## WORK TASK
Copy all the lines of the listing below exactly. Skip the images.

## DATA BELOW
== Segment start ==

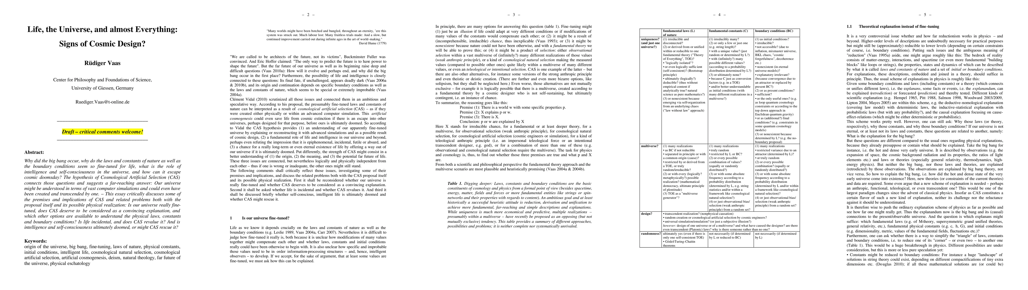 Why did the big bang occur, why do the laws and constants of nature as well as the boundary conditions seem so fine-tuned for life, what is the role of intelligence and self-consciousness in the universe, and how can it escape cosmic doomsday? The hypothesis of Cosmological Artificial Selection (CAS) connects those questions and suggests a far-reaching answer: Our universe might be understood in terms of vast computer simulations and could even have been created and transcended by one. - This essay critically discusses some of the premises and implications of CAS and related problems both with the proposal itself and its possible physical realization: Is our universe really fine-tuned, does CAS deserve to be considered as a convincing explanation, and which other options are available to understand the physical laws, constants and boundary conditions? Is life incidental, and does CAS revalue it? And is intelligence and self-consciousness ultimately doomed, or might CAS rescue it? Keywords: origin of the universe, big bang, fine-tuning, laws of nature, physical constants, initial conditions, intelligent life, cosmological natural selection, cosmological artificial selection, artificial cosmogenesis, deism, natural theology, far future of the universe, physical eschatology
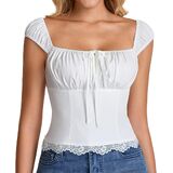تصميم لافت للنظر: قمصان زهرية للنساء، قمصان كورسيه للنساء، قمصان صدرية للنساء، قمصان صغيرة للنساء، تتميز هذه السترة برقبة مربعة، وتفاصيل ربطة أمامية، وزخرفة من الدانتيل لإضفاء مظهر لطيف، مع ظهر مدخن يوفر تمددًا رائعًا ليناسب مختلف مقاسات الصدر والخصر
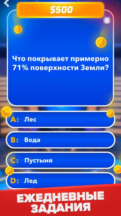 Сама игра покорит ваши сердца, ведь у неё очень удобный и привлекательный интерфейс. Добавлены тысячи вопросов, которые не будут повторять во время прохождения викторины. Звуки и атмосфера помогут легко проникнуться ею. Скачать Миллионер: Викторина на андроид могут как взрослые, так и дети. На первых уровней будет легко, но дальше сложность нарастает. Воспользуйтесь подсказками, когда совсем будет трудно.

== Segment end ==

## RESPONSE AREA
 Why did the big bang occur, why do the laws and constants of nature as well as the boundary conditions seem so fine-tuned for life, what is the role of intelligence and self-consciousness in the universe, and how can it escape cosmic doomsday? The hypothesis of Cosmological Artificial Selection (CAS) connects those questions and suggests a far-reaching answer: Our universe might be understood in terms of vast computer simulations and could even have been created and transcended by one. - This essay critically discusses some of the premises and implications of CAS and related problems both with the proposal itself and its possible physical realization: Is our universe really fine-tuned, does CAS deserve to be considered as a convincing explanation, and which other options are available to understand the physical laws, constants and boundary conditions? Is life incidental, and does CAS revalue it? And is intelligence and self-consciousness ultimately doomed, or might CAS rescue it? Keywords: origin of the universe, big bang, fine-tuning, laws of nature, physical constants, initial conditions, intelligent life, cosmological natural selection, cosmological artificial selection, artificial cosmogenesis, deism, natural theology, far future of the universe, physical eschatology
تصميم لافت للنظر: قمصان زهرية للنساء، قمصان كورسيه للنساء، قمصان صدرية للنساء، قمصان صغيرة للنساء، تتميز هذه السترة برقبة مربعة، وتفاصيل ربطة أمامية، وزخرفة من الدانتيل لإضفاء مظهر لطيف، مع ظهر مدخن يوفر تمددًا رائعًا ليناسب مختلف مقاسات الصدر والخصر
 Сама игра покорит ваши сердца, ведь у неё очень удобный и привлекательный интерфейс. Добавлены тысячи вопросов, которые не будут повторять во время прохождения викторины. Звуки и атмосфера помогут легко проникнуться ею. Скачать Миллионер: Викторина на андроид могут как взрослые, так и дети. На первых уровней будет легко, но дальше сложность нарастает. Воспользуйтесь подсказками, когда совсем будет трудно.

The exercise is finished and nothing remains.